Here is what made this happen. Take the force of right-wingers upholding community standards who are determined to defend local control of the public airwaves; combine that with the force of lefties eager to maintain diversity of opinion in local media; add in the independent voters' mistrust of media manipulation; then let all these people have access to their representatives by e-mail and fax, and voila! Congress awakens to slap down the power grab.

Or at least half of it. In Sen. Ted Stevens' rollback-to-35-percent bill approved by the Senate Commerce Committee, an amendment protecting localism had been added to stop the growth of cross-ownership of TV stations and newspapers in single cities. But that amendment won't fly; as the Commerce chairman, John McCain, told me, "The fix is in on cross-ownership." Media General and The New York Times Co. are becoming more influential nationally, and The Tribune Co. dominates news coverage in Chicago, Los Angeles, Baltimore and Long Island.

I scorn all polls except those that support my views. According to this week's Pew Research poll about the FCC plan (to break the ownership barrier and permit media crossover), "By roughly 10 to 1 (70 percent-6 percent), those who have heard a lot about the rules change say its impact will be negative." Nearly half of those polled had heard about this issue, despite conflicted media coverage.

This growing grass-roots grumbling against gigantism is getting through to legislators ordinarily cowed by network-owned station managers or wowed by big-media campaign contributions. Unfortunately, the any-merger-goes FCC chairman, Michael Powell, has derided objections to his diktat as "garbage," and the White House strategist Karl Rove dismisses the depth of voter resentment that Democrats will be able to exploit next year.

Catch the way the liberal Rep. David Obey of Wisconsin, who put forward the appropriations measure that passed Wednesday, reaches out to social conservatives. He complained about the way prime-time network programming forced local affiliates to air film of Victoria's Secret models in their less-than-full regalia, a sight he does not consider suitable for his 7-year-old. Obey & Co. is stealing traditionalist Republican clothes, scanties and all, and many GOP candidates don't want to offend a core constituency.

Eco-cons as well as libertarians may snicker, but Republican Rep. Richard Burr of North Carolina observed that 26 independent NBC affiliates had recently exercised their right to refuse to telecast "Maxim's Hot 100." If independents are gobbled up with the FCC's blessing, more decisions affecting local mores will be made in Rockefeller Center. Is that what George Bush stands for?

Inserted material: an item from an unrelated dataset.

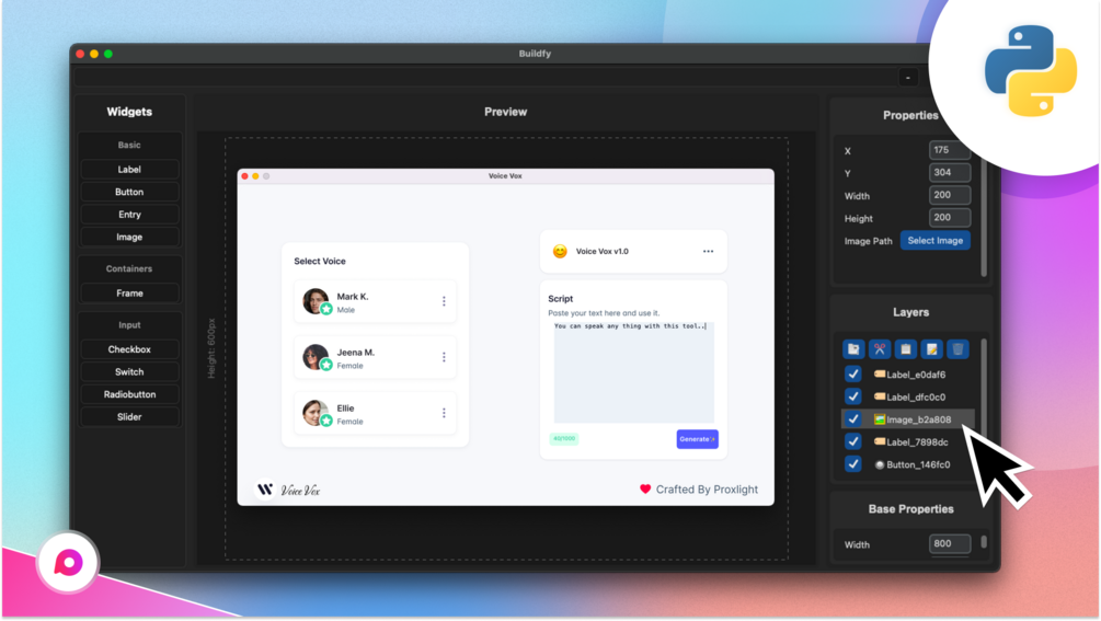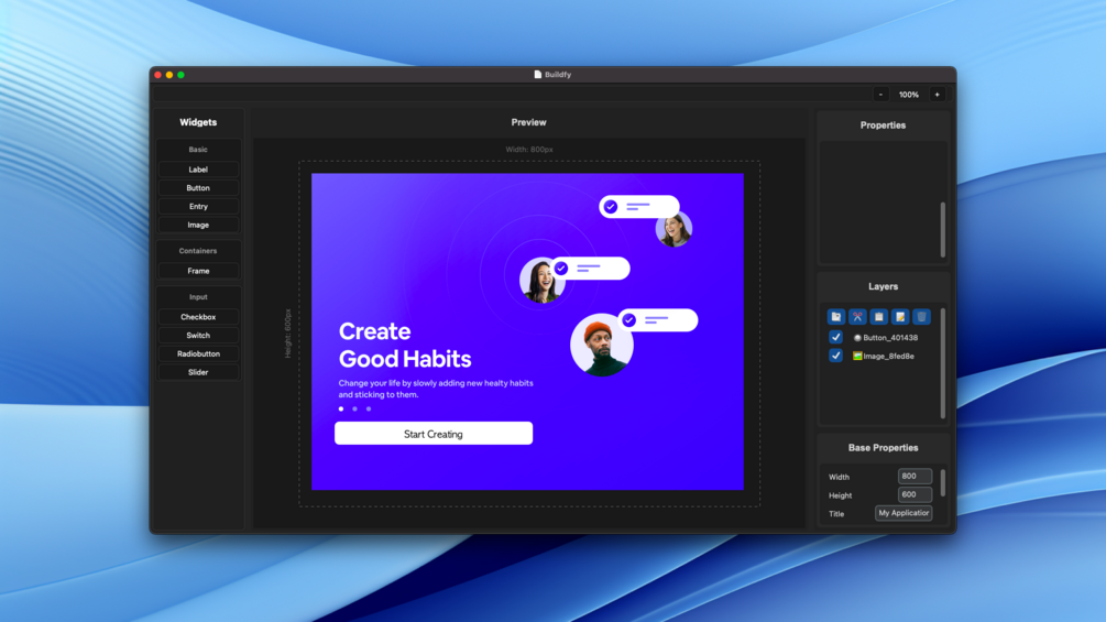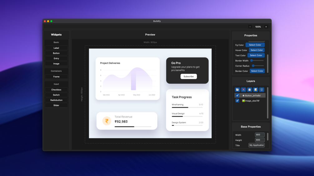 With Buildfy 2.1, you can design visually, let AI generate widgets & layouts, and export fully working apps powered by the customtkinter framework.
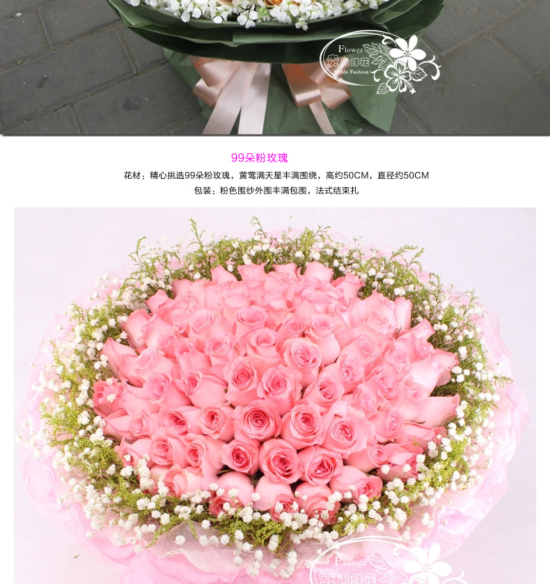 花速递 99朵红玫瑰10寸蛋糕 时尚馈赠 广东 湛江 茂名 肇庆 惠州 中国

Wednesday's victory in a House committee was only a skirmish about half the battle, and that only about delaying the funds for the FCC's misbegotten action by a year. Speaker Dennis Hastert could shoot it down in Rules, or block an embarrassing vote on the more comprehensive Burr rollback on the House floor.

But public opinion is on the march. Some in-house pollster should awaken President Bush to a bipartisan sleeper issue that could blindside him next year.